Students can Download Class 8 Maths Chapter 11 Congruency of Triangles Ex 11.7 Questions and Answers, Notes Pdf, KSEEB Solutions for Class 8 Maths helps you to revise the complete Karnataka State Board Syllabus and to clear all their doubts, score well in final exams.

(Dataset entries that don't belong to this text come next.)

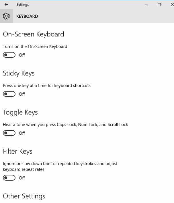 7. Disable Filter keys settings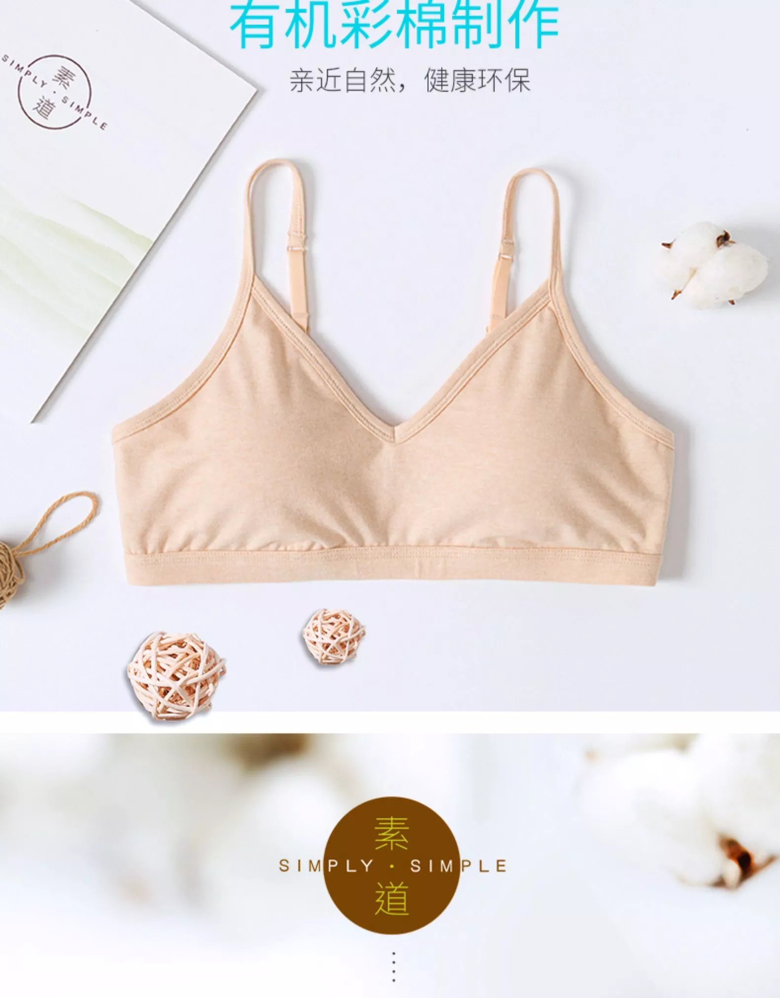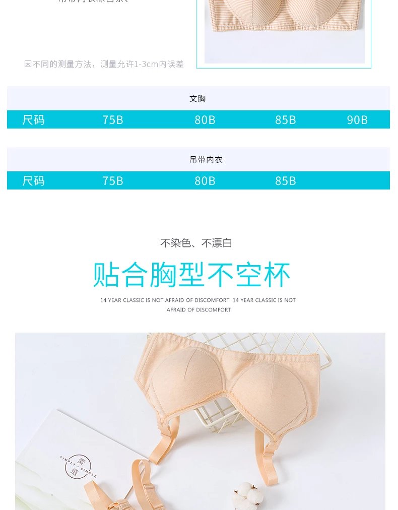 素道有机棉文胸吊带 文胸内衣一片式无痕内衣【京东快递送货上门】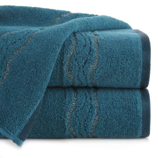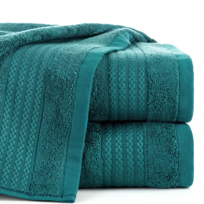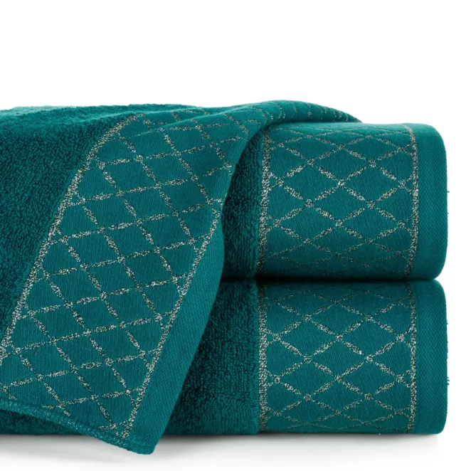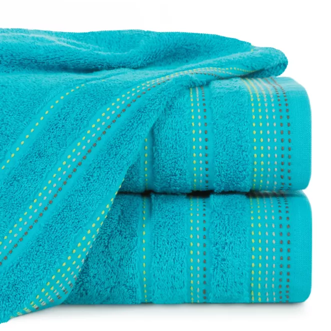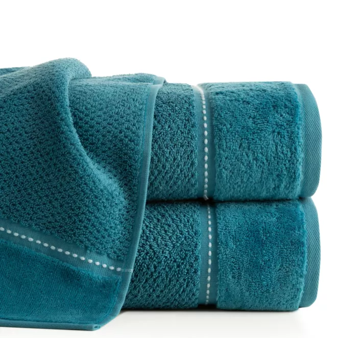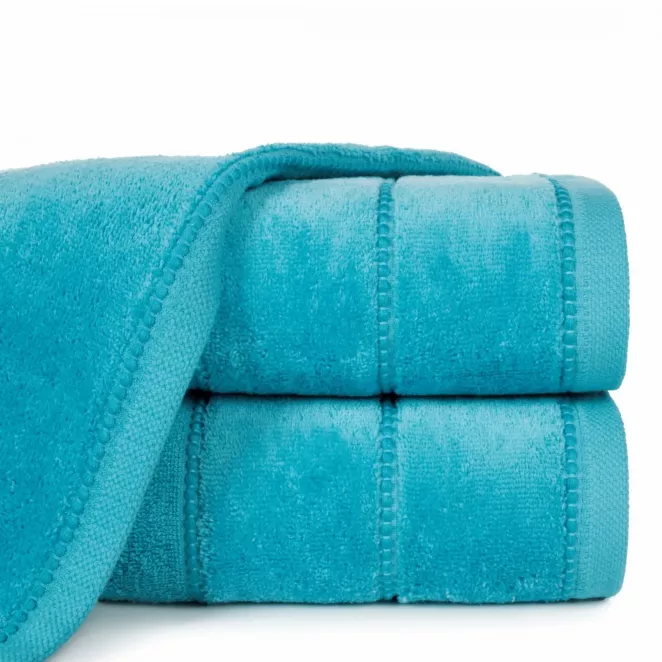 1. Ręcznik kąpielowy 50x90 cm bawełniany kolor turkusowy z błyszczącą bordiurą 530 g/m2 FILON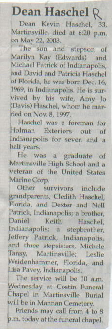 | Survived By | Widow; parents and stepparents, Marilyn Kay (Edwards) and Michael Patrick, and David and Patricia Haschel; grandparents, Cledith Haschel, and Dexter and Nell Patrick; brother, Daniel Keith Haschel; stepbrother, Jeffery Patrick; 3 stepsisters, Michele Tansy, Leslie Weidenhammer, and Lisa Pavey. |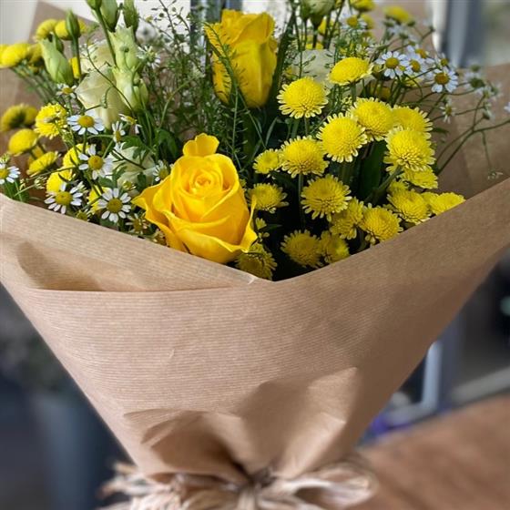 A selection of yellow and white flowers wrapped in Eco friendly craft paper.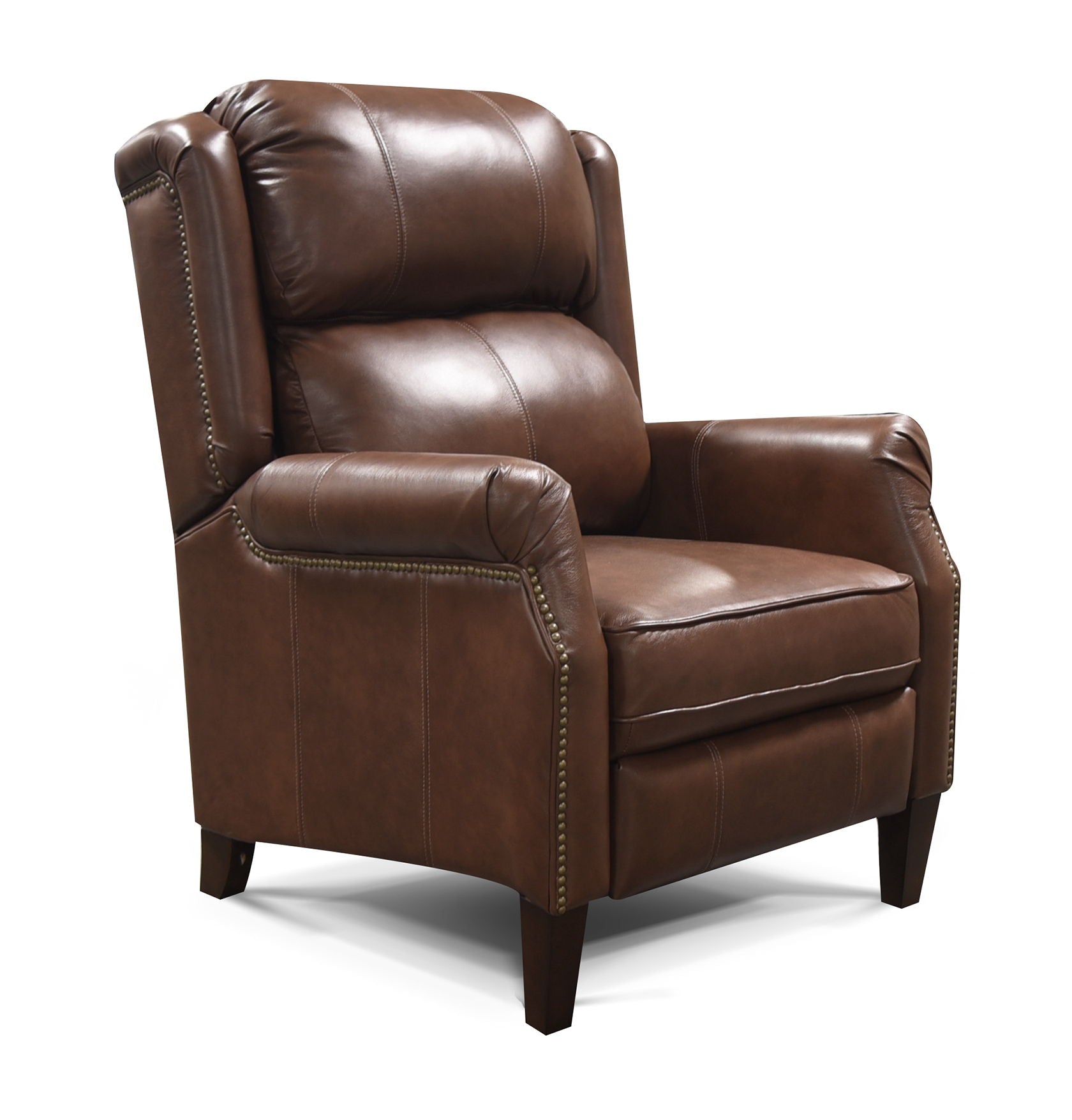 Transitional styling in luscious leather, our Kora high leg recliner offers generous comfort and makes a statement. We pull the look together with tapered wood legs, a pub back, and an optional antique brass nailhead trim. Cover it in your choice of leather to make it work for you and have it in your home in 30 days or less! Also available with a power upgrade. Take a look at Helen for the fabric version.

## Karnataka State Syllabus Class 8 Maths Chapter 11 Congruency of Triangles Ex 11.7

Question 1.

In a triangle ABC, ∠B = 28° and ∠C= 56°. Find the largest and smallest side.

Answer:

∠A+∠B + ∠C = 180°

[Sum of the angles of a triangle]

∠A + 28 + 56 = 180°

∠A + 84° = 180°

∠A = 180 – 84

∠A = 96°

BC is the largest side

[Opposite to largest angle ∠A]

AC is the smallest side

[Opposite to smalles angle∠B]

Question 2.

In a triangle ABC, we have AB = 4cm, BC = 5.6 cm and CA = 7.6 cm. Write the angles of the triangle in ascending order of measures.

Answer:

∠C < ∠A < ∠B

Question 3.

Let Δ ABC be a triangle such that ∠B = 70° and ∠C = 40°. suppose D is a point on BC such that AB = AD. Prove that AB > CD.

Answer:

In Δ ABD, AB = AD

∴∠ABD = ∠ APB = 70° [Theorem l]

∠APB +∠ ADC = 180° [Linear pair]

70 +∠ADC = 180°

∠ADC = 180 – 70°

∠ADC = 110°

In Δ ADC,

∠DAC = 180 – ( 110 + 40)

= 180-150

∠DAC = 30°

In Δ ADC,

∠ACD > ∠DAC

AD > CD

but AB = AD

∴ AB > CD

Question 4.

Let ABCD be a quadrilateral in which AD is the largest side and BC is the smallest side. Prove that ∠A < ∠C. [Hint: Join AC]

Answer:

Join AC

In Δ ABC AB > BC [BC is the smallest side]

∴ ∠ACB > ∠BAC …(i)

In Δ ADC, AD > DC [AD is the largest side]

∠ACD > ∠PAC …(ii)

By adding (i) and (ii)

∠ACB + ∠ACD >∠BAC + ∠DAC

∠BCD > ∠BAD or

∠BAD < ∠BCD

∴∠A < ∠C

Question 5.

Let ABC be a triangle and P be an interior point, prove that AB + BC + CA < 2(PA + PB + PC).

Answer:

In ΔPBA, AB < PA + PB ….(i)

In ΔPBC, BC < PB + PC ….(ii)

In ΔPCA, AC < PC + PA ….(iii)

By adding (i), (ii), and (iii)

AB + BC + AC < PA + PB + PB + PC + PC + PA > 2PA + 2PB + 2PC

AB + BC + AC <2 (PA+ PB + PC).